No creo en fantasmas. Fue extraño sí, pero pensé, me convencí de que posiblemente debió haber caído y yo lo recogí sin recordarlo. Nada más podía explicarlo. Nada. Aunque no lograba explicarme del todo los ojos en movimiento. No debió ser nada en especial, traté de olvidar el incidente mientras acomodé nuevamente a Agujas en su sitio junto a Goteos.

”Hola, Goteos, te extrañé.”

No volvió a pasar nada. Durante un par de días. Cuando había olvidado por completo el incidente de Agujas, volvió a suceder. Era de noche y me desperté, algo andaba mal. Goteos estaba fuera de su lugar. Estaba sentado en mi mesa de noche junto a mi cama. Cagué ladrillos casi literalmente. Me heló la espalda, la espina dorsal, el alma. Vivo solo, ¿Cómo pudo pasar eso?

”Papi, también quise visitarte, andas muy solito, quiero hacerte compañía.”

No lo pude soportar, lo eché boca abajo, tenía miedo de pararme y sentir manos debajo de mi cama que me arrastren, sé que es absurdo pensar en eso, pero estén de noche sin ninguna luz más que la que entra por la ventana y vean una actividad rara por segunda vez, seguro que no lo soportarían. Dejé una de mis sábanas sobre Goteos, no podía salir de la cama, no esta noche. Traté de volver a dormir. No pude. No durante un par de horas. A la mañana siguiente, la manta ya no lo cubría y él estaba sentado en posición vertical, mirándome.

”¿Por qué hiciste eso, papi?”

Esta vez me asusté realmente. No los quería más. No. Pero pensé que estaba siendo irracional y miedoso sin razón. No podía abandonar a mis hijos. Grave error. Cogí a Goteos y lo senté de nuevo en el escritorio con su horrible compañero. Cuando volví del trabajo, sus miradas me recibieron, acusantes, reclamando amor paterno. No lo soporté. Los guardé en el garaje. Finalmente dormí en paz. Sólo un par de noches.

Coloqué las dos cabezas en un rincón del garaje, pero sólo pasaron dos noches y los encontré nuevamente en sus plataformas, con sus sombreros.

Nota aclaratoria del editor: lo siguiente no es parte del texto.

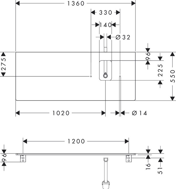 Столешница под раковину Hansgrohe Xelu Q 136х55 вырез справа ДСП белый глянцевый 54124050
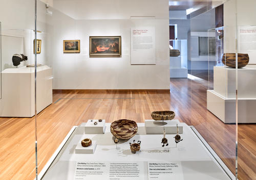 Photo credit for all images: Installation view of "Jules Tavernier and the Elem Pomo", de Young, San Francisco, 2021. Photograph by Randy Dodson, © Fine Arts Museums of San Francisco
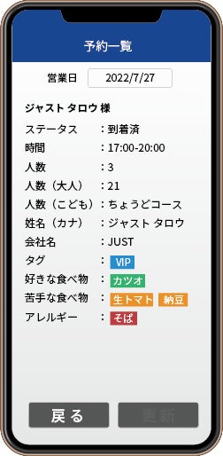 「TableCheck」連携された、予約・顧客情報をオーダーエントリーシステムから確認することができます。
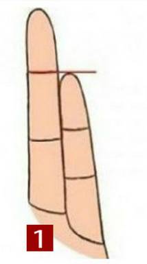 1. 새끼손가락 높이가 약지 첫 번째 마디선과 같다면
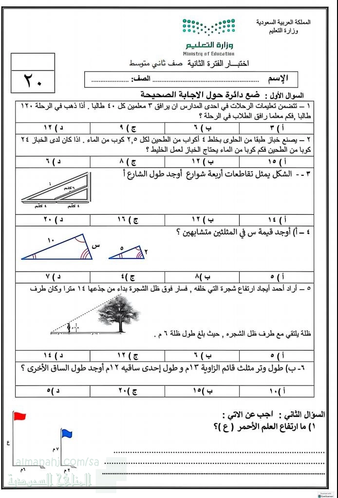 تم إيجاد الملف: نموذج اختبار الفترة الثانية لمقرر رياضيات الفصل الأول
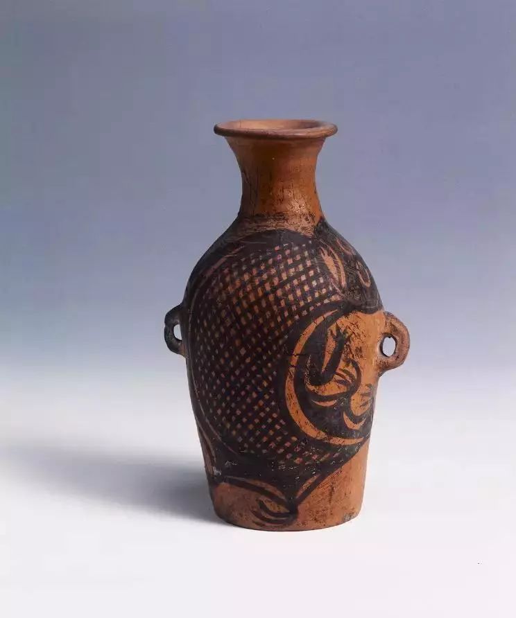 鯢魚紋彩陶瓶,仰韶文化石嶺下類型,出土于武山縣馬力鎮(zhèn)傅家門村種谷臺遺址。國家一級甲等文物,通高18.7厘米。細(xì)泥紅陶,侈口、圓唇、束頸、溜肩、深斜腹、平底,兩側(cè)肩下各有一耳。紅陶黑彩,繪有一條胖大黑色鯢魚,鯢魚紋臉部為人面,有四足,足端各有四爪,尾部上翹,身上繪有網(wǎng)格狀鱗片,紋飾線條流利而靈動,變化豐富。這件彩陶瓶具有非常高的歷史和文化價值,其圖案具有原始龍的雛形,被學(xué)界認(rèn)為是中華龍的起源之一。
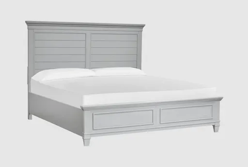 Introducing the Catherine Grey California King Wood Panel Bed, a perfect addition to your coastal-inspired bedroom. This bed features a beautiful harbor grey finish that complements any decor. Made from MDF and solid Asian hardwood, it ensures durability and style.
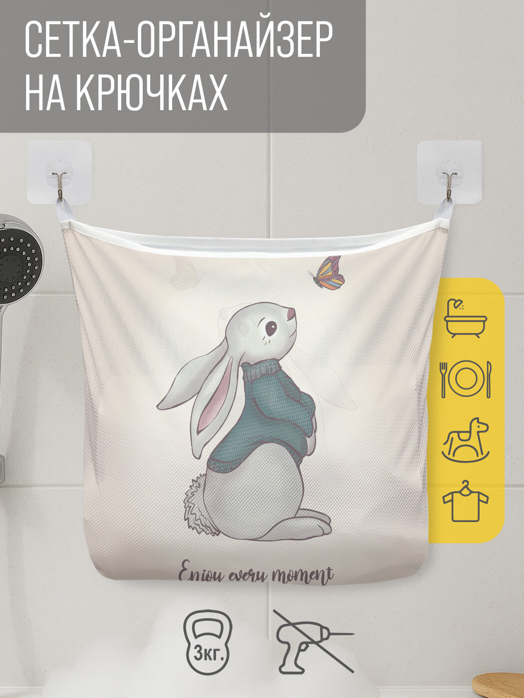 Сетка для игрушек в ванную "Лови момент" органайзер для хранения, крючки, 33x39 см, JoyArty интересное:

”Hola, papi, ¿Por qué nos evitas? Nosotros te amamos, déjanos estar contigo.”

Me asusté. Realmente lo hice. Esa noche dormí en el sofá. No hay una jodida manera de que esto sea posible. Estoy perdiendo la cordura, los objetos inanimados no pueden hacer eso. ¿Cierto?

”Cierto, papi. Lo que calme tus nervios. Jajaja.”

Cuando desperté en la mañana, me sentí tranquilo. Hasta que abrí los ojos. Las dos cabezas estaban allí, me miraban, me acosaban. No lo dudé, los cargué a los dos.

”Papi, ¿A dónde nos llevas?”

Los tiré en el garaje. No podía tirarlos a la basura. Debía guardarlos, son mis hijos. Me están asustando y creo que se mueven a mi alrededor con más frecuencia. No dormiré esta noche, no volveré a dormir, no puedo soportarlo más, estas cabezas me miran, me vigilan, me odian. Intentaré mantenerlos actualizados por si algo más pasa. Espero que no sea necesario.

”Nosotros también lo esperamos, papi.”